Let's Talk About....
Putting It Up
Food storage for improved health, money savings and the ability to enjoy your harvest all year
As fall approaches, we turn our attention to harvesting the vegetables and fruits we've spent months nurturing. But, if we're lucky, there's way more than we can possibly eat in one sitting. What to do with the harvest, how to preserve it and keep it full of vitality and nutrients has long fascinated cooks across generations and boundaries.
"Food preservation techniques can be divided into two categories: the modern scientific methods that remove the life from food, and the natural 'poetic' methods that maintain or enhance the life in food. The poetic techniques produce... foods that have been celebrated for centuries and are considered gourmet delights today," said organic farmer Eliot Coleman in his foreword to "Preserving Food Without Freezing or Canning,"
Freezing
Freezing is an obvious preservation method. In the late 1800s Clarence Birdseye discovered that quick freezing at very low temperatures made for better tasting meats and vegetables.

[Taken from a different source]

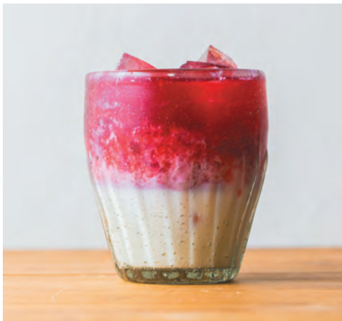
* かふうピンクラテ (アイス)

Blanching your vegetables and fruits prior to freezing works best. Do not freeze in glass jars as the ice will expand and break the glass.
Fermenting
Fermentation was not invented, but rather discovered. Barley is fermented into beer, fruits into wine, cabbage into Kim chi or sauerkraut, apple cider into vinegar, and much more. Fermentation preserves foods, while making it more nutritious since microorganisms responsible for fermentations can produce vitamins and probiotics as they ferment.
Pickling
Pickling is preserving foods in vinegar. Vinegar is produced from starches or sugars fermented first to alcohol and then the alcohol is oxidized by certain bacteria to acetic acid. Wines, beers and ciders are all routinely transformed into vinegars.
Canning
The most common practice for preserving food is to can (jar, or bottle). By using lemon juice or vinegar in the right containers you can have fruits and vegetables all year.
Drying
Vegetables and fruits were dried from the earliest times. Back in the day, the sun and wind would have naturally dried foods. Later cultures had more methods and materials to reflect their food supplies.A fire was used to create the heat needed to dry foods and in some cases smoking them as well. Now we have dehydrators to do this work. Dehydrators are used as well for meat and fish curing. Steaming or blanching also is recommended for vegetables to inactivate enzymes that cause vegetables to mature, or toughen during drying.